During 10 hours' travel overnight in increasingly atrocious weather conditions, the ship made reasonable progress, travelling back around the Calf of Man and heading on course NW towards Belfast. However at 7AM on the 13th of January, the boiler failed (two of the three crowns fell, which suggests that there had been inadequate pumping of water to the boiler at some time(s) during the night).

*So from 7am on the Morning of 12th January, the SS CAMLOUGH was completely without any motive power.*

** She was tossed about by the wind (gusting up to 75 mph) and by the sea currents in the Irish Channel ('driven back' according to the crew's statement) for nearly 5 hours.* 

** After this time, another somewhat larger steam coaster came to her assistance and attempted for the rest of the day and into the night to take the CAMLOUGH into tow *(presumably with the initial goal of getting her back to Belfast). However the sea was so rough that 7 hawsers which were laboriously secured each snapped - _so no consistent, sustained towing took place._

** CAMLOUGH ended up by 8 pm perilously close to the rocks at the Mull of Galloway.*

** About an hour later the final hawser held, and the CAMLOUGH was towed laboriouslly into the relative shelter of Luce Bay*. 

** However the CAMLOUGH not be kept under tow and ended up stranded on the beach at Monreith by 4 AM in the wee hours of 14th January*

I've been able to confirm that the wind would have been in a North Easterly direction throughout the time that CAMLOUGH was in peril without any power (7 AM on the 13th through 4 AM on the 14th of January).
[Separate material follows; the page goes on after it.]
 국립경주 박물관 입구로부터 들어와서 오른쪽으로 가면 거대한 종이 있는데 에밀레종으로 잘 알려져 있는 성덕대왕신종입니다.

I'm currently waiting for some further detail on the weather during this time period.

*
However, I would be very grateful for some first-hand knowledge of the Tidal currents which usually happen in this part of the Irish Channel - and how they might have interacted with very strong winds blowing in a North Easterly direction.*


I've seen a chart which indicates that some very strong currents flow in these waters (see attached).
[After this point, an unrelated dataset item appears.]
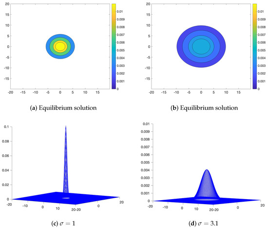 where f is the process of computing the right-hand side using the FFT and IFFT, as described above. We can solve for equilibrium solutions directly by setting in (8) for . To investigate the dynamics of the system, we can time step until we reach equilibrium. One can use Equation (8) and an ODE solver to find . In particular, we use the Runge–Kutta method in MatLab.

*I know the following approximate times for tides on those days:

13th January

Low Tide: around 8 a.m.

High Tide: around 2 p.m.

Low Tide: around 8.45 p.m. at the Mull of Galloway*

_*Any help in understanding tides in this part of the Irish Channel would be MOST appreciated!*_


----------



## Davie M (Apr 17, 2009)

I use a Tidal planner available from the Apps Store online. It not only gives tidal predictions but also tidal currents and directions at times during the tides cycle.
You access the info via using the nearest harbour.
Davie


----------



## howardang (Aug 3, 2008)

Nswstar2 said:


> *Information on the force of Tidal Currents in the Irish Channel*
> 
> *Background:* People who read other forums on this useful website will have noticed that I have been researching the last voyage of the SS CAMLOUGH (169 ft long coaster, built in 1920, wrecked/stranded in January of 1932).
> 
> ...


The Admiralty Tidal Stream Atlas Irish Sea NP 256 (14 pages) will show you hourly tidal streams in the Irish Sea. Available from Amazon for around £14.00

Howard


----------